__Instructions for the task__
What is wanted is every line below from the one with "Разработанное позиционирование отражает" up to and including the one with "The Bigwoods were", retyped exactly, pictures excluded, nothing else.

__Data for this exercise__
____

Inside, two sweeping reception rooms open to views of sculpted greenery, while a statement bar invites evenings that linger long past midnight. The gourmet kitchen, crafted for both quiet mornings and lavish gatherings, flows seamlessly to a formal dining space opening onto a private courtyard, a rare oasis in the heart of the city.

____

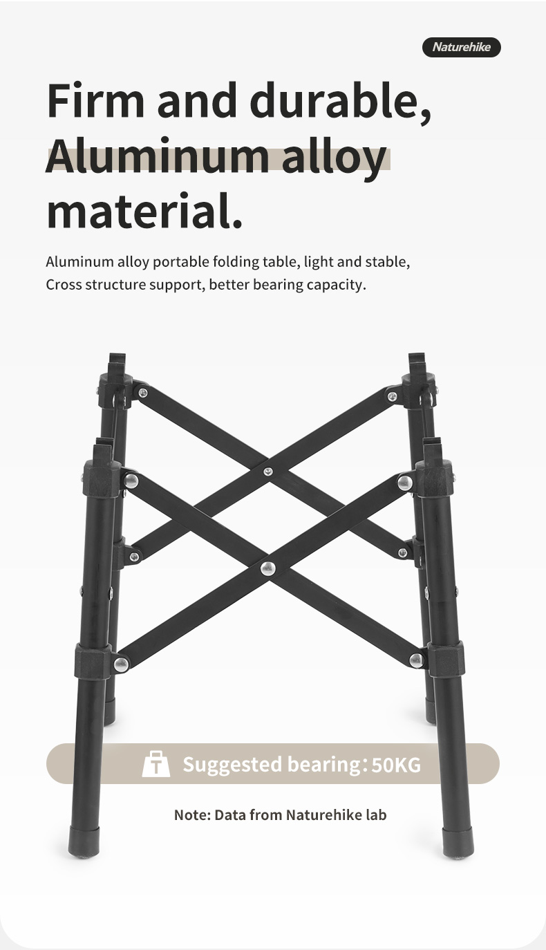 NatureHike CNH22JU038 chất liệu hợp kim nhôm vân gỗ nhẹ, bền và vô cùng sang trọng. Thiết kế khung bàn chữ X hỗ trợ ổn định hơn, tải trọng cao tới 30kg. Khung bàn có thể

____

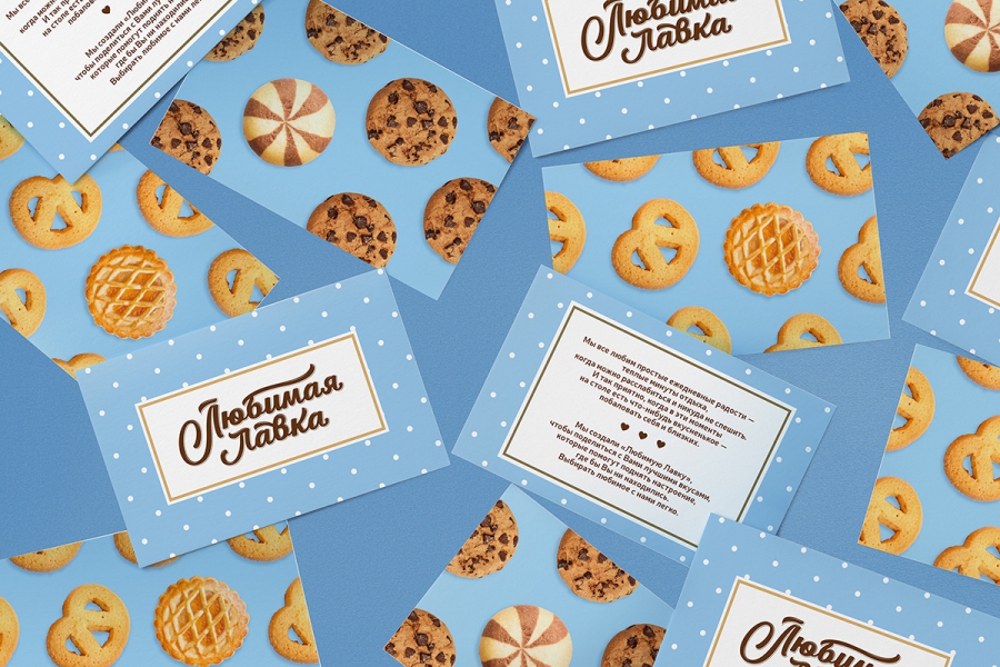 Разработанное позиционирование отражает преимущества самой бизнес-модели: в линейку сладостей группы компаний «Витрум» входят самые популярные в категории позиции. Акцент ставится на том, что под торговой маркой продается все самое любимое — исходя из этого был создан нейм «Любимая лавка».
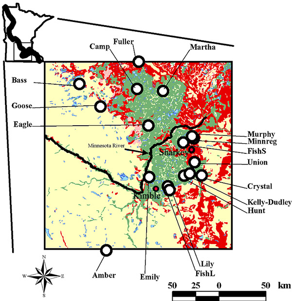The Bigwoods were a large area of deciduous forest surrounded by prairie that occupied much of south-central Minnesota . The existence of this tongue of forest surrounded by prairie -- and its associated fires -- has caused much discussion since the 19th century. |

____

__Finished exercise__
 Разработанное позиционирование отражает преимущества самой бизнес-модели: в линейку сладостей группы компаний «Витрум» входят самые популярные в категории позиции. Акцент ставится на том, что под торговой маркой продается все самое любимое — исходя из этого был создан нейм «Любимая лавка».
The Bigwoods were a large area of deciduous forest surrounded by prairie that occupied much of south-central Minnesota . The existence of this tongue of forest surrounded by prairie -- and its associated fires -- has caused much discussion since the 19th century. |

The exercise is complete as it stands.